In 1983 Steinberg and Zangwill provided, under reasonable assumptions, necessary and sufficient conditions for Braess's paradox to occur in a general transportation network when a new route is added. (Note that their result applies to the addition of any new route — not just to the case of adding a single link.) As a corollary, they obtain that Braess's paradox is about as likely to occur as not occur; their result applies to random rather than planned networks and additions.
In Seoul, South Korea, a speeding-up in traffic around the city was seen when a motorway was removed as part of the Cheonggyecheon restoration project. In Stuttgart, Germany after investments into the road network in 1969, the traffic situation did not improve until a section of newly-built road was closed for traffic again. In 1990 the closing of 42nd street in New York City reduced the amount of congestion in the area. In 2008 Youn, Gastner and Jeong demonstrated specific routes in Boston, New York City and London where this might actually occur and pointed out roads that could be closed to reduce predicted travel times.
In 2012, scientists at the Max Planck Institute for Dynamics and Self-Organization demonstrated through computational modeling the potential for this phenomenon to occur in power transmission networks where power generation is decentralized.

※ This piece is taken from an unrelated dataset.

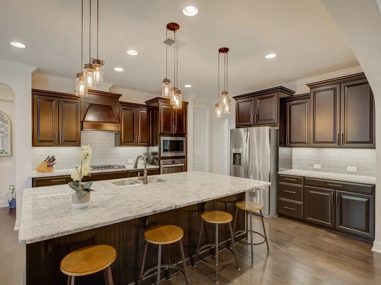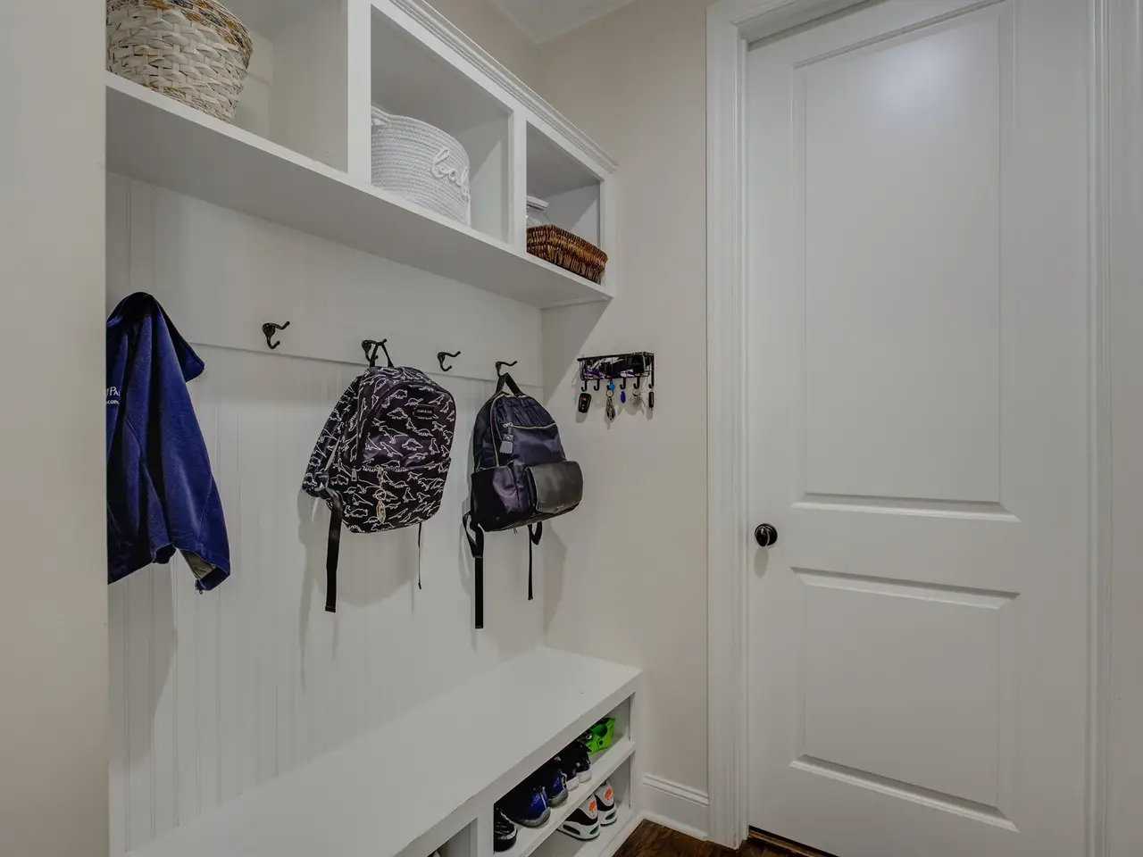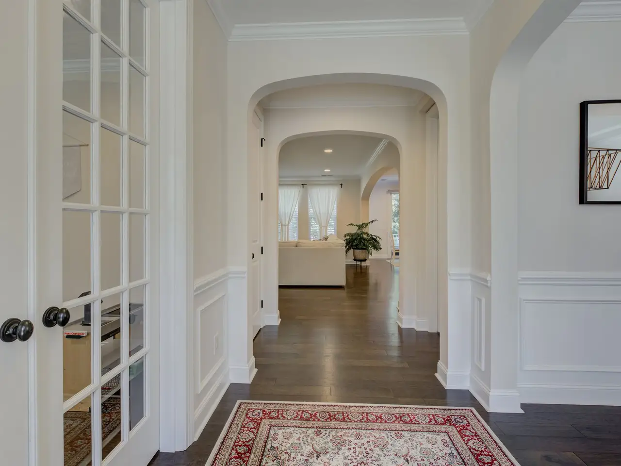Located in the exclusive gated community of Bear Creek within the amenity-rich Palisades, this home offers the perfect balance of elegance, comfort, and country club living. A welcoming rocking chair front porch opens into a grand foyer, where a private French door study sits opposite the formal dining room. The elegant dining room showcases a coffered ceiling and wainscoting, details that carry down the hall into the great room. Rich hardwood floors connect the open-concept main level. A butler's pantry with a beverage refrigerator leads to the gourmet kitchen, featuring espresso cabinetry, a large prep island, granite countertops, pendant lighting, a gas cooktop, and a wall oven. The spacious great room is anchored by a gas fireplace and filled with natural light. The breakfast area opens to a screened porch, perfect for year-round enjoyment. Outside, enjoy a private wooded and fenced backyard complete with an expansive paver patio, built-in firepit, and in-ground irrigation. The main-level primary suite is a true retreat, featuring a coffered ceiling, a spa-like bath with a soaking tub, a glass-enclosed shower, dual vanities, and a walk-in closet. Upstairs, four bedrooms include one with a private bath, two sharing a hall bath, and a fifth expansive bedroom that could also function as a fantastic bonus room. A 2-car garage plus a separate 1-car garage provide ample parking and storage. Bear Creek residents enjoy a private gated enclave while also accessing The Palisades' incredible lifestyle amenities: homeowners' clubhouse, fitness center, outdoor pool, pickleball and basketball courts, and miles of scenic walking trails. Optional golf and social memberships at The Palisades Country Club elevate the experience, offering championship golf, dining, and events just minutes from home.

In 2012, an international team of researchers from Institut Néel (CNRS, France), INP (France), IEMN (CNRS, France) and UCL (Belgium) published in Physical Review Letters a paper showing that Braess paradox may occur in mesoscopic electron systems. In particular, they showed that adding a path for electrons in a nanoscopic network paradoxically reduced its conductance. This was showed both by theroretical simulations and experiments at low temperature using as scanning gate microscopy.